Since logistic regression is a classification method, we may compare classification performance of the regular and group-regularized elastic net. To avoid overestimation of performance we would like to use an indepenent data set to calculate the performance measures on. The simplest way of accomplishing this is by randomly splitting the data set in two parts, one for estimation and one for classification performance evaluation. But since we have a limited number of patients, splitting them in half would leave us with a very small dataset for estimation. With such a small data set we run the risk of bad estimators for the model. To avoid this we use cross-validation to estimate performance. Using cross-validation, we will still slightly overestimate performance, but since we are comparing two methods, we expect that this cancels out in the comparison.
The gren
package contains a convenience function for performance cross-validation: cv.gren
. This function is generally faster than naive cross-validation. An important extra argument is fix.lambda
. If it is set to TRUE
, the global lambda is fixed throughout the cross-validation iterations, which saves time, but slightly increases overestimation of performance. We compare with the regular elastic net by setting compare=TRUE
. To make the comparison fair, we select the same number of features using psel=50
.
Otherwise the following code estimates the performance by cross-validation (may take a few minutes to run):
set.seed(3)
fitCvgrenCol <- cv.gren(x=mirColScaled, y=respCol, alpha=0.5,
partitions=list(expression=mirExpr),
unpenalized=unpenCol, psel=50, nfolds.out=10)
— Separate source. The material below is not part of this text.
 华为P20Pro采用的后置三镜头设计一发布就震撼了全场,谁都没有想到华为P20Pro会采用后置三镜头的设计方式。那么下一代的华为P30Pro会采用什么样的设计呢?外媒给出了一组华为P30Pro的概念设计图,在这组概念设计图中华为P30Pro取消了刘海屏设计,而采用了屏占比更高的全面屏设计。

Due to time constraints, we used 10-fold cross-validation to estimate performance by setting nfolds.out=10
. It is of course possible to use more folds by changing this value.
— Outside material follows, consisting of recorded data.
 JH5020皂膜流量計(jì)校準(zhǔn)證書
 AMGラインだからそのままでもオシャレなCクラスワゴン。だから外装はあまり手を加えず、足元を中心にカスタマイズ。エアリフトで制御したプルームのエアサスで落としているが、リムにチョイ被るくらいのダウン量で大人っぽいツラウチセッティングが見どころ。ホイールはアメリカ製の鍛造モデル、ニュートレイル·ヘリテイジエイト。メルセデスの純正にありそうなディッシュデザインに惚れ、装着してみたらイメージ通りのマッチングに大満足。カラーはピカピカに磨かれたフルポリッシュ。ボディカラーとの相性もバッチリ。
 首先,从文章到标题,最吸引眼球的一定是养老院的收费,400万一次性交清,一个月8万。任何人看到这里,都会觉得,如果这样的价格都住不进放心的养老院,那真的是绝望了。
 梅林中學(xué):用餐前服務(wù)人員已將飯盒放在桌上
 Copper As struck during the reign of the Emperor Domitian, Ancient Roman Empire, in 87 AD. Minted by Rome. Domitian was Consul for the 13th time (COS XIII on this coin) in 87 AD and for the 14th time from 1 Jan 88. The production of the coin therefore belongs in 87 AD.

To assess predictive performance we compare the ROCs of the group-regularized elastic net with the regular elastic net.
## comparing ROCs for group-regularized and regular elastic net
par(pty="s")
plot(pROC::roc(respCol, as.numeric(fitCvgrenCol$groupreg$pred)), print.auc=TRUE,
print.auc.x=0.3, print.auc.y=0.2)
plot(pROC::roc(respCol, as.numeric(fitCvgrenCol$regular$pred)), add=TRUE, col=2,
print.auc=TRUE, print.auc.x=0.3, print.auc.y=0.1)
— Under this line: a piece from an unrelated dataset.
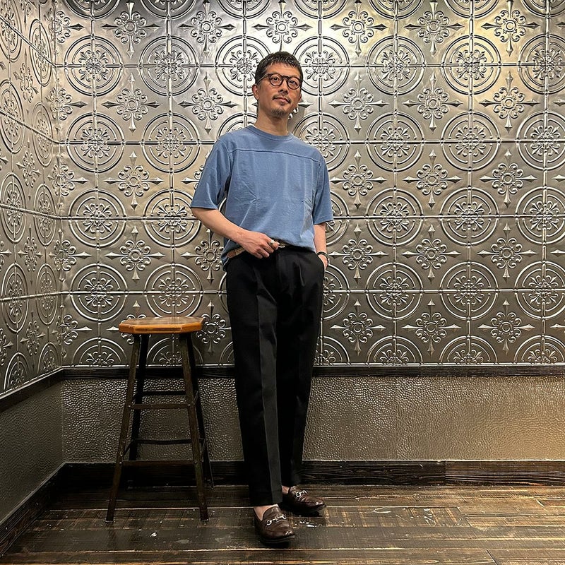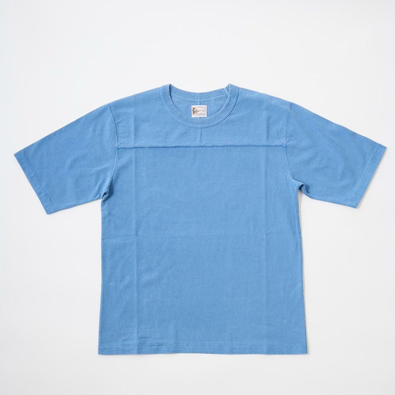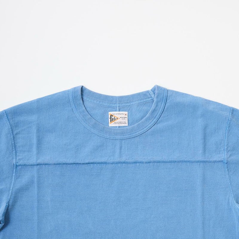 HEALTH KNIT(ヘルスニット)とFELCO(フェルコ)のダブルネームとなるHALF SLEEVE FOOT BALL T OPEN END JERSEY U.S.COTTON。風合いの良いU.Sコットンを特注で編み立てた生地を使用。シャリ感のある昔ながらの肌触りの素材。肩に縫い目のないオールドライクなフットボールシャツのデザインは体にフィットするように考え抜かれた1枚です。左裾に付けられたFELCO(フェルコ)のワッペンがちょっとしたアクセントになっています。

legend("topleft", legend=c("Group-regularized", "Regular"), col=c(1:2), lty=1)
par(pty="m")
QUESTION Do you think that the inclusion of the co-data helped with predictive performance here?
It might also be informative to plot the (cross-validated) predicted probabilites of the two models:
plot(as.numeric(fitCvgrenCol$regular$pred),
as.numeric(fitCvgrenCol$groupreg$pred), col=respCol,
main="Predicted probabilities for Colon cancer data",
xlab="Predictions regular model",
ylab="Predictions group-regularized model")
legend("topleft", legend=c("progressive", "non-progressive/remission"),
col=c(1:2), pch=1)
par(mfrow=c(1, 2))
hist(as.numeric(fitCvgrenCol$groupreg$pred), main="Group-regularized",
xlab="Predicted probabilities")
hist(as.numeric(fitCvgrenCol$regular$pred), main="Not group-regularized",
xlab="Predicted probabilities")
par(mfrow=c(1, 1))
QUESTION In what way does the inclusion of the co-data change the predicted probabilities?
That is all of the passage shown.